- _What the task asks_:
This exercise asks for an exact copy of the lines from the one containing "망가질 수 있습니다. |" through the final line of the material, with pictures omitted.

....

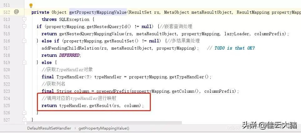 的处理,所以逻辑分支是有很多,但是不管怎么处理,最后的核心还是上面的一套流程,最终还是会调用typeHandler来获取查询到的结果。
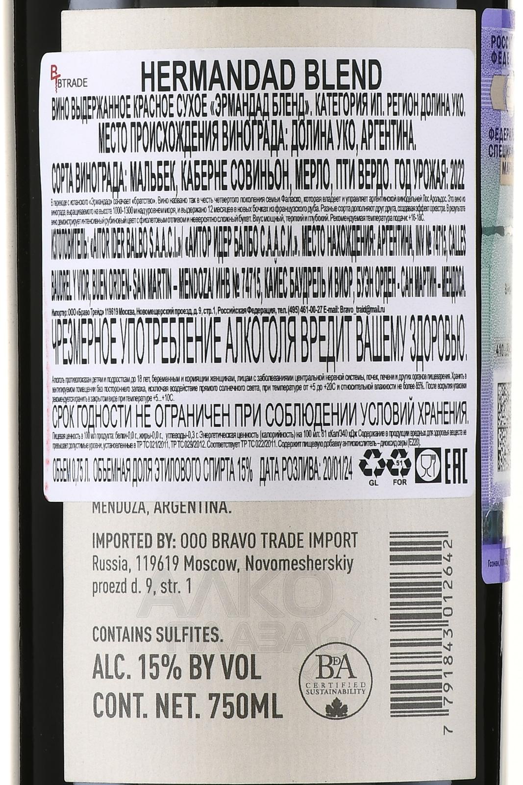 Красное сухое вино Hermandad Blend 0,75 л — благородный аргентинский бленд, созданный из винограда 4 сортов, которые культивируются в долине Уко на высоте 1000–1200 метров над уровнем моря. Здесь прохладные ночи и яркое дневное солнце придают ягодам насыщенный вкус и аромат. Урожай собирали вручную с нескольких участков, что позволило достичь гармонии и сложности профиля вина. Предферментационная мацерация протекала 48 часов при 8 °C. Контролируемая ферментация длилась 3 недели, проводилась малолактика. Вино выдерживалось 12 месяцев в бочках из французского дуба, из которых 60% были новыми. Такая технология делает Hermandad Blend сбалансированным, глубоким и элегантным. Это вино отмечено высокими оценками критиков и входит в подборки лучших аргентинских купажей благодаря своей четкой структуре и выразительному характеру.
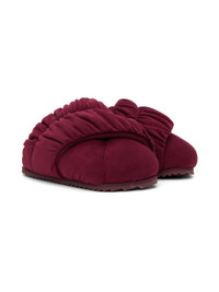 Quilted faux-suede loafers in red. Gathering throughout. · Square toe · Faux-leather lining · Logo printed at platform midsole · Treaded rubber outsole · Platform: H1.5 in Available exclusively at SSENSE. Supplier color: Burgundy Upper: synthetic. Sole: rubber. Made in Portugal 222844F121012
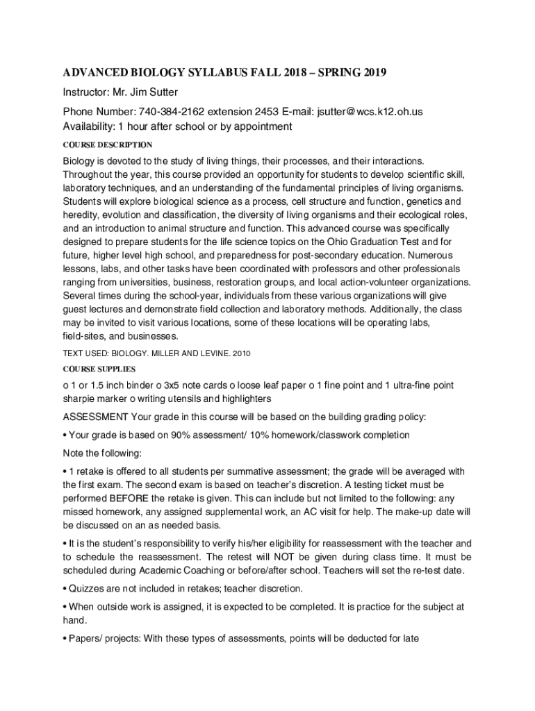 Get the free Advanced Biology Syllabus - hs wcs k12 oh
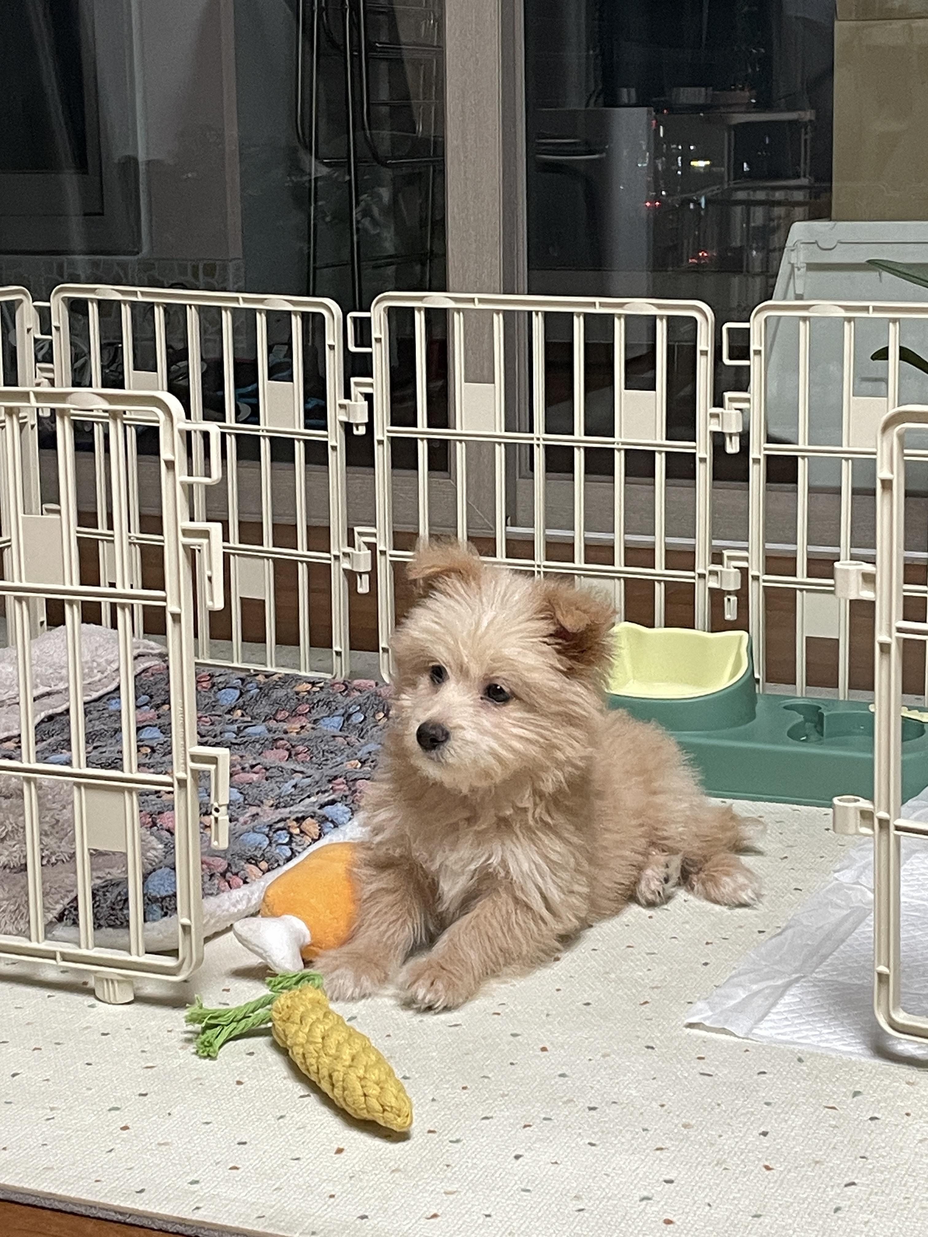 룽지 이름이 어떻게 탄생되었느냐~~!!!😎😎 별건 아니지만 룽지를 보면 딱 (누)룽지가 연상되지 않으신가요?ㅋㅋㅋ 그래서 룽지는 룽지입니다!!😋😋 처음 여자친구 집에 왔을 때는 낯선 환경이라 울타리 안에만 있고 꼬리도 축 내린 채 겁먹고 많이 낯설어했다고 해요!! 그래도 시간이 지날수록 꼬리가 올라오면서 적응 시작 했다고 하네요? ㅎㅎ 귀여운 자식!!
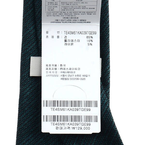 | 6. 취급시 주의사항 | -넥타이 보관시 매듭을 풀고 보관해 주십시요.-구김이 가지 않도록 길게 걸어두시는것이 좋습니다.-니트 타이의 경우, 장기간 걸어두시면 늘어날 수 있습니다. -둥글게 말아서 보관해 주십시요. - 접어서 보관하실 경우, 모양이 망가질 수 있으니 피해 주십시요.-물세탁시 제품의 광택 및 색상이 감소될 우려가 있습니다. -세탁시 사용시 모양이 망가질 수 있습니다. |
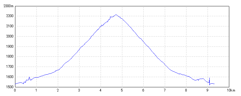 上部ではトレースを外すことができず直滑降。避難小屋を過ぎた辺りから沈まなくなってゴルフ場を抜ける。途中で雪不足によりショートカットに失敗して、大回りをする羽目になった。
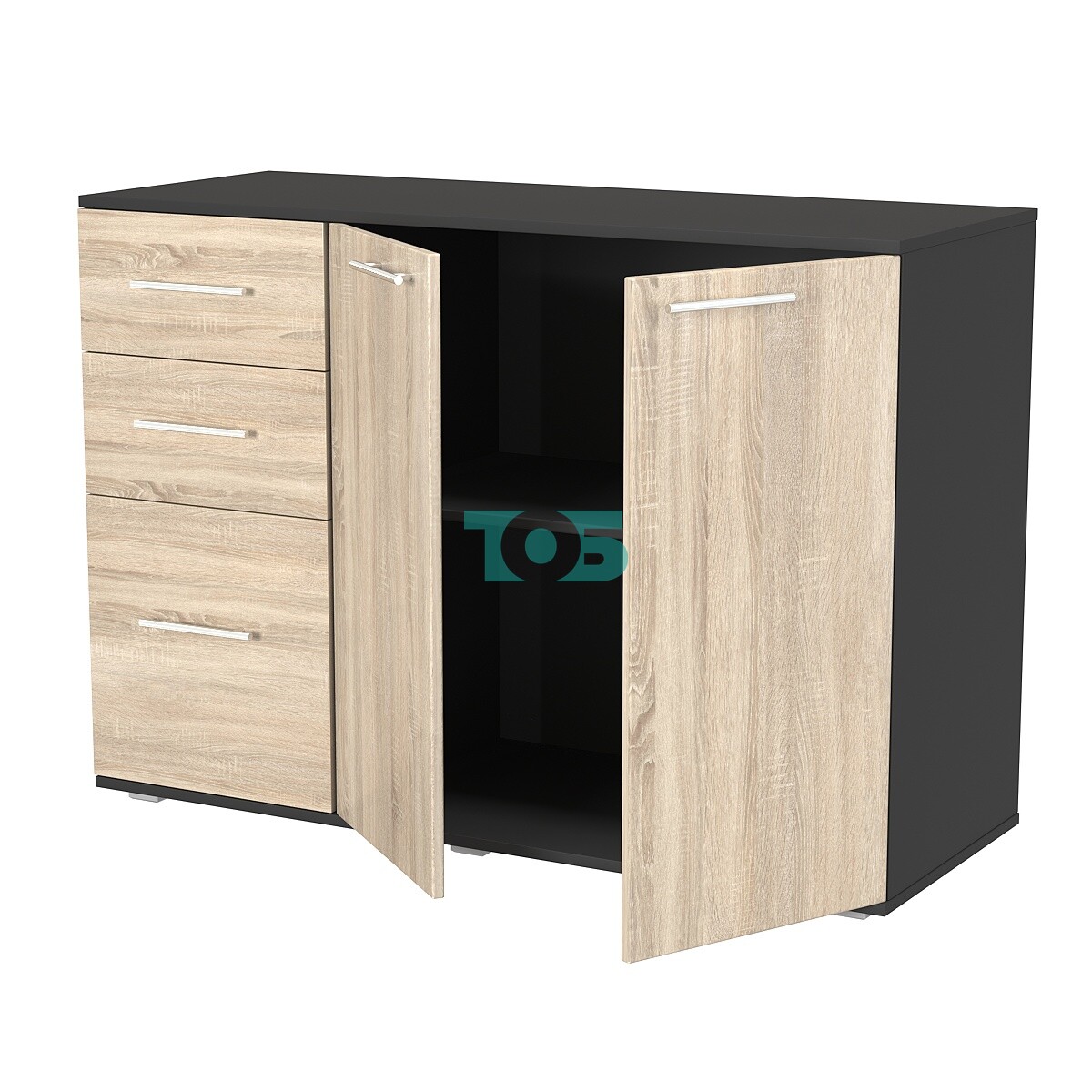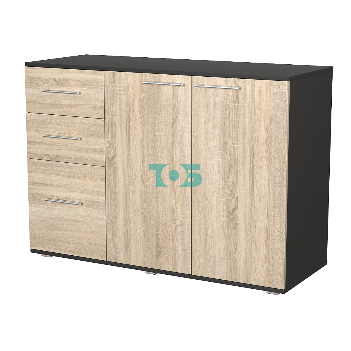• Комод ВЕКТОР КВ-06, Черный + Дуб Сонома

....

- _Result of the exercise_:
 | 6. 취급시 주의사항 | -넥타이 보관시 매듭을 풀고 보관해 주십시요.-구김이 가지 않도록 길게 걸어두시는것이 좋습니다.-니트 타이의 경우, 장기간 걸어두시면 늘어날 수 있습니다. -둥글게 말아서 보관해 주십시요. - 접어서 보관하실 경우, 모양이 망가질 수 있으니 피해 주십시요.-물세탁시 제품의 광택 및 색상이 감소될 우려가 있습니다. -세탁시 사용시 모양이 망가질 수 있습니다. |
 上部ではトレースを外すことができず直滑降。避難小屋を過ぎた辺りから沈まなくなってゴルフ場を抜ける。途中で雪不足によりショートカットに失敗して、大回りをする羽目になった。
• Комод ВЕКТОР КВ-06, Черный + Дуб Сонома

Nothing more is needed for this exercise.